Le 25/09/2017

Au nord de l’île d’Idjwi, sur le lac Kivu, en République démocratique du Congo, les Pygmées tentent de survivre dans leur village de fortune. Quelques cabanes de pisé couvertes de feuilles de bananiers se dressent sous les grands arbres touffus. Trois cents Pygmées habitent ici. Ils ne sont plus « hauts d’une coudée » comme le racontaient les fables, mais ont conservé une petite taille et des traits fins. Ils portent des habits misérables, troués et déchirés par l’usure, des tee-shirts noircis de terre qui ne sont plus que des bouts de tissus effilochés et des pantalons ceinturés avec des ficelles. Leurs vies ont tant changé durant ce siècle dernier.
« Etre comme tout le monde »
Sans droit ni reconnaissance, les Pygmées subissent de fortes discriminations et un racisme de la part des autres ethnies. « Nous sommes marginalisés à l’école et au travail. Nous sommes des locataires. Les Bahavus ne veulent rien partager avec nous », explique un ancien du camp, aux yeux délavés et au sourire sans dent. Une femme dont les dents sont aussi rongées par la malnutrition rajoute : « Ils nous disent que l’on pue, que nous ne pouvons pas manger ensemble, que nos manières sont différentes. » Beaucoup d’emplois leur sont refusés.
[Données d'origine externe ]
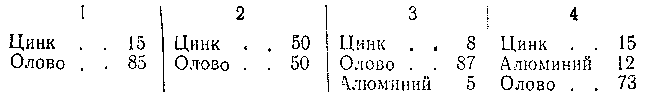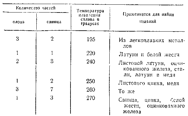 Для спайки мелких железных, медных и цинковых деталей, пластинок, проволоки можно пользоваться припоем, состоящим из 1 части олова и 2 частей свинца.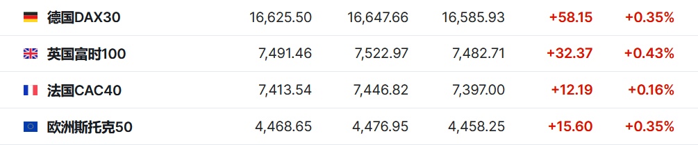 2.截至发稿,德国DAX指数涨0.35%,英国富时100指数涨0.43%,法国CAC40指数涨0.16%,欧洲斯托克50指数涨0.35%。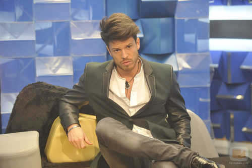El DJ italiano, tras la expulsión de la concursante Ares Teisidó, sentado en el sofá del Confesionario dispuesto a nominar.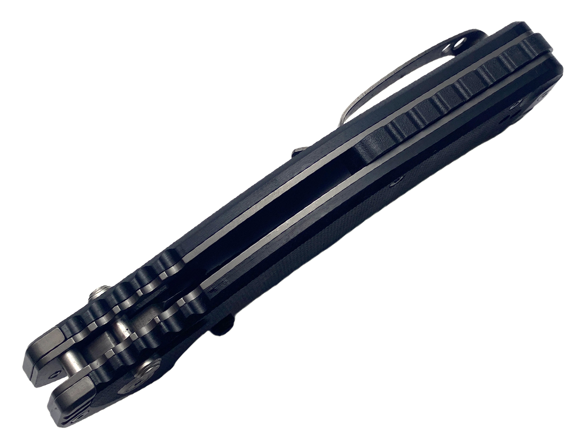 Лайнеры рукояти выполнены из нержавеющей стали. Накладки сделаны из прочного стеклотекстолита G10 – это композитный материал, который создается из стеклоткани и эпоксидной смолы. В процессе производства стекловолокно вымачивается в смолах и подвергается сжатию. В результате получается материал, который отлично подходит для работы в трудных условиях. G10 прочен и ударостоек, хорошо переносит влагу и легко поддается окраске. Внешне он напоминает микарту, но превосходит ее в прочности и огнестойкости. Рукоять ножа оснащена удобной клипсой Ambi-Clip с глубокой посадкой.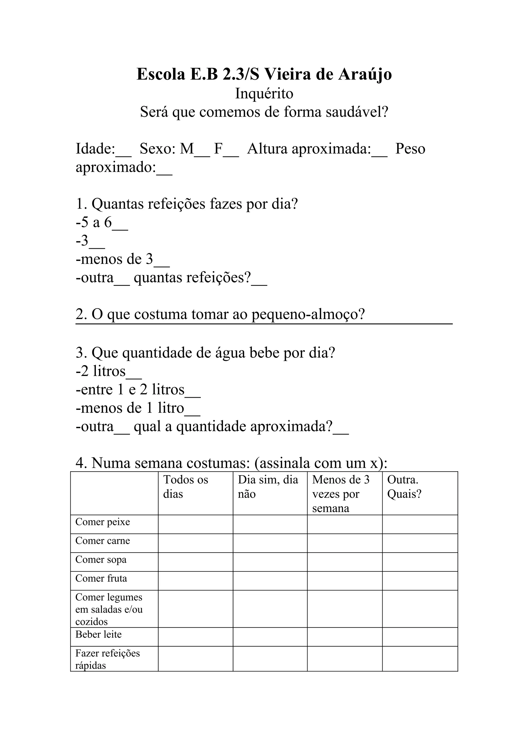 Este inquérito aplicado a estudantes avalia os seus hábitos alimentares e de estilo de vida. Em 3 frases: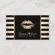 Makeup Artist Gold Kiss Modern Black & Gold Stripes Appointment Business Cards.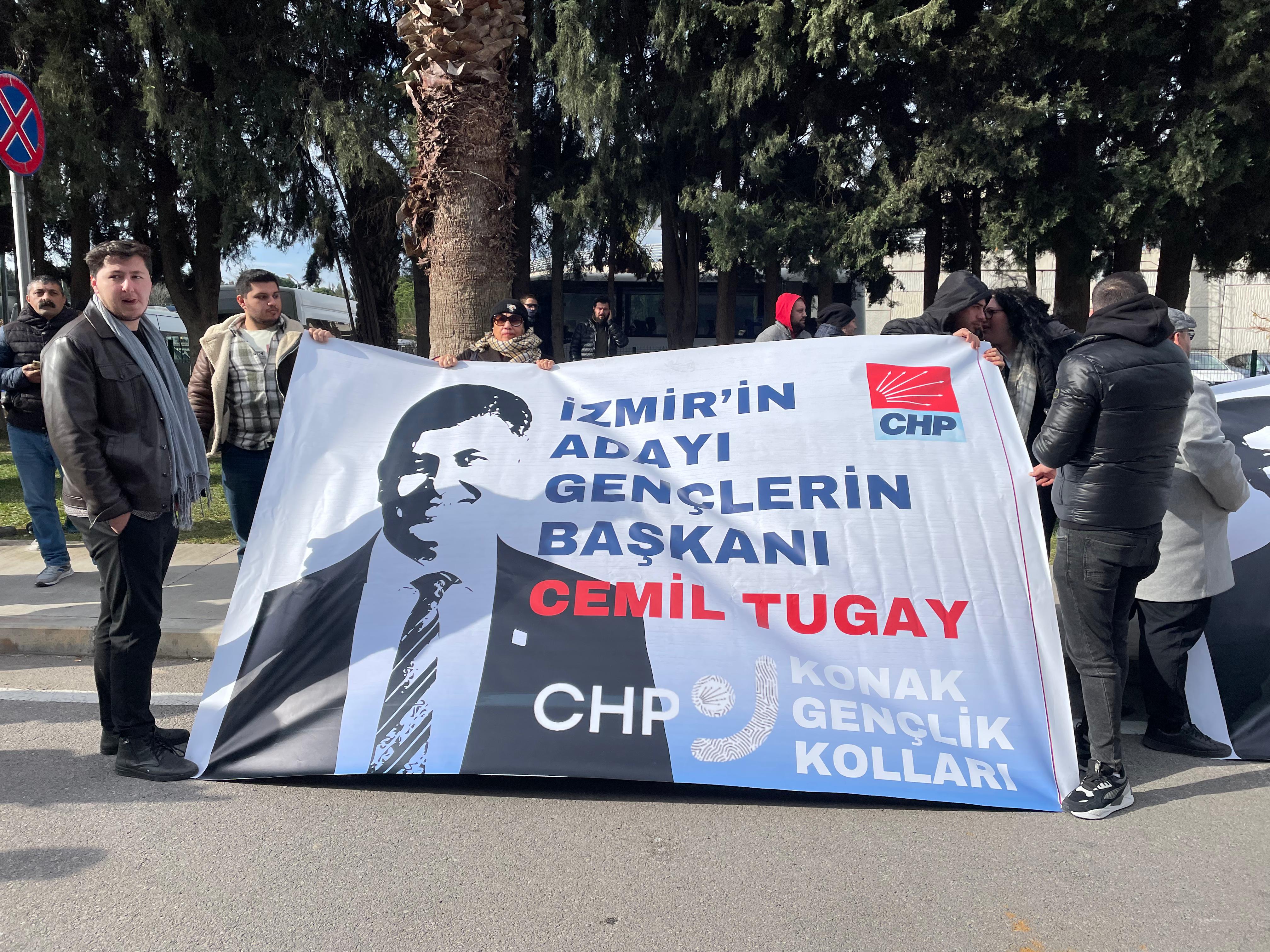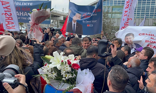 Çiğdem CANPOLAT / - Cumhuriyet Halk Partisi’nde (CHP) dün gerçekleştirilen MYK ve PM toplantılarının ardından İzmir Büyükşehir Belediye Başkan Adayı olarak mevut Karşıyaka Belediye Başkanı Cemil Tugay gösterildi.Ankara’dan İzmir’e dönen Tugay’ı Adnan Menderes Havaalanı’nda partililer coşkuyla karşıladı. Partililer ile buluşan Tugay, kendisi için hazırlanan parti otobüsü üzerinden katılımcılara seslendi.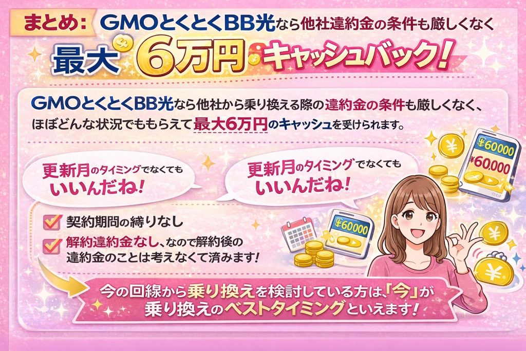 まとめ:GMOとくとくBB光なら他社違約金の条件も厳しくなくほぼもらえて最大6万円!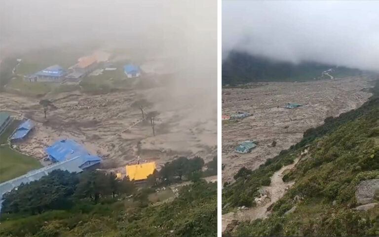 सोलुखुम्बु- सोलुखुम्बुको खुम्बु पासाङल्हामु गाउँपालिका-५ स्थित थामे गाउँभन्दा माथिबाट आज दिउँसो भीषण बाढी आएको छ।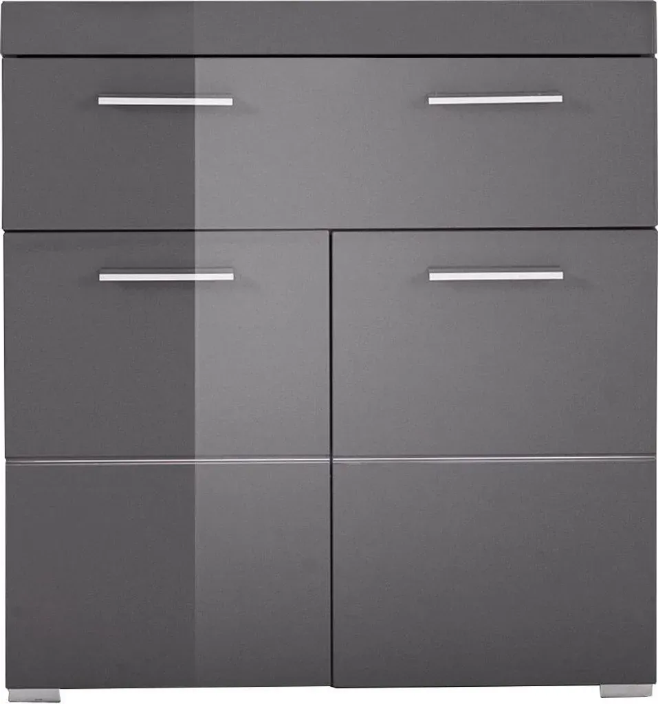 Auf Lager Versand durch Amazontrendteam smart living - Amanda - Kommode - Grau Hochglanz - Standschrank - (BxHxT) 73 x 79 x 31 cm - 2 Türen mit moderner Fräsung und 1 großen Schublade - silberfarbene Griffe - Kratzfest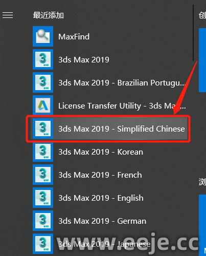 10、在电脑左下角点击开始菜单找到【3ds Max 2019-Simplified Chinese】点击打开。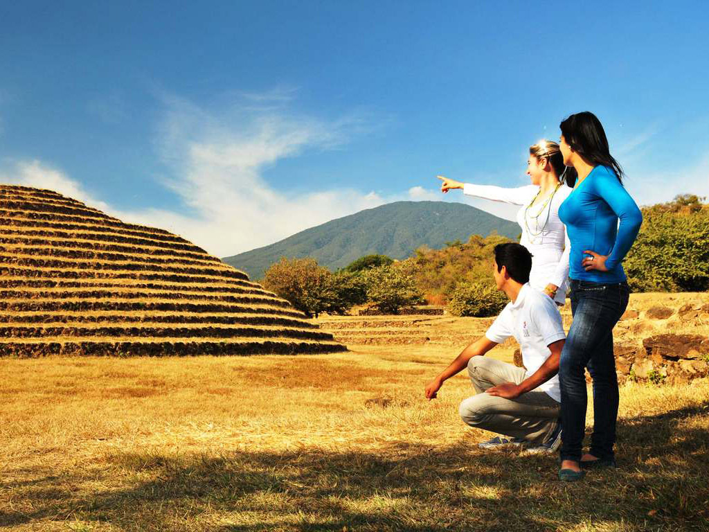 This tour will take us to an important pre-Columbian archaeological site near Teuchitlan in the valley of Tequila that was only discovered in the 1970s. Explore circular pyramids known as Huachimontones, as well as remains of mining operations, fields and ballcourts dating back to as early as 300BC. This five hour excursion includes hotel pick up and drop off, all transfers and the services of a bilingual guide. Please note that meals and drinks are not included. This tour will take us to an important pre-Columbian archaeological site near Teuchitlan in the valley of Tequila that was only discovered in the 1970s. Explore circular pyramids known as Huachimontones, as well as remains of mining operations, fields and ballcourts dating back to as early as 300BC. This five hour excursion includes hotel pick up and drop off, all transfers and the services of a bilingual guide. Please note that meals and drinks are not included.This tour will take us to an important pre-Columbian archaeological site near Teuchitlan in the valley of Tequila. The site was only discovered in the 1970s – before this it was believed that Western Mexico did not have any significant ceremonial sites or cities. Here you can explore circular pyramids known as Huachimontones, as well as remains of mining operations, fields and ballcourts dating back to as early as 300BC. The tour begins with a brief video about the pyramids and a visit to a small museum containing artefacts found in the area. Then we'll drive to the pyramids themselves. These massive circular structures are believed to have been built by a creative culture, part of the so-called Teuchitlan tradition, a complex society that existed from as early as 300 BCE until perhaps 900 CE. There are several pyramids to explore, some of which have a a post hole at the summit, most likely for volador ceremonies. The pyramids may also have supported small temples. Sunken circular plazas surround each pyramid and a series of smaller mounds surround the plazas. On top of the mounds are platforms that once supported wooden buildings made of wood and clay. The site has a total of 10 circular complexes, four rectangular plazas and two ballcourts.

Manguiste, le pêcheur, voudrait être moto-taxi sur l’île. Mais il sait que « les Bahavus ne monteront pas avec moi parce qu’ils disent que je pue ». Il rêve de regagner Goma, sur le continent, où il pourrait « être comme tout le monde » et scolariser sa fille. C’est que l’école, gratuite et obligatoire aux yeux de la loi, ne l’est pas dans les faits. « Nous n’avons pas les moyens de payer les primes qu’ils nous demandent », explique un père de famille. Les autres espèrent dans leurs songes de construire un jour une maison en dur où ils ne devraient pas passer la nuit debout quand tombent les pluies torrentielles. Car étant locataires, ce droit leur est interdit.
Leur dignité humaine est bafouée jusque dans l’accès aux soins. Dans le camp, de nombreuses personnes souffrent de maladies. Certains ont la malaria, des infections liées à la malnutrition ou des maux indéfinis. « Chaque semaine, nous enterrons l’un d’entre nous », assure le chef des Pygmées. Les enfants traînent leurs plaies ouvertes et s’habituent à la fièvre.

Autrefois, ces cueilleurs se soignaient avec des plantes dans la forêt qu’ils ne trouvent plus ici. Quant aux ONG qui ont réalisé une campagne de vaccination dans le camp contre la rougeole et la malaria, « ce sont des farceurs qui récoltent des données mais ne reviennent jamais », s’énerve Charles Livingston. Avec leur peu de moyens, les Pygmées ne peuvent se payer un accès aux soins de l’hôpital qui est à trois heures de marche. Les femmes accouchent seules dans leur maison et y perdent parfois la vie ou celle de leur enfant. Mais sur l’île comme sur le continent, on accorde bien peu d’importance à leurs histoires. « C’est un cas minoritaire », balaye d’une phrase le mwami qui ne souhaite pas s’étaler davantage sur le sujet. Quelque 250 000 à 600 000 Pygmées vivent en RDC. Une proposition de loi en faveur de la reconnaissance des peuples autochtones est toujours en discussion.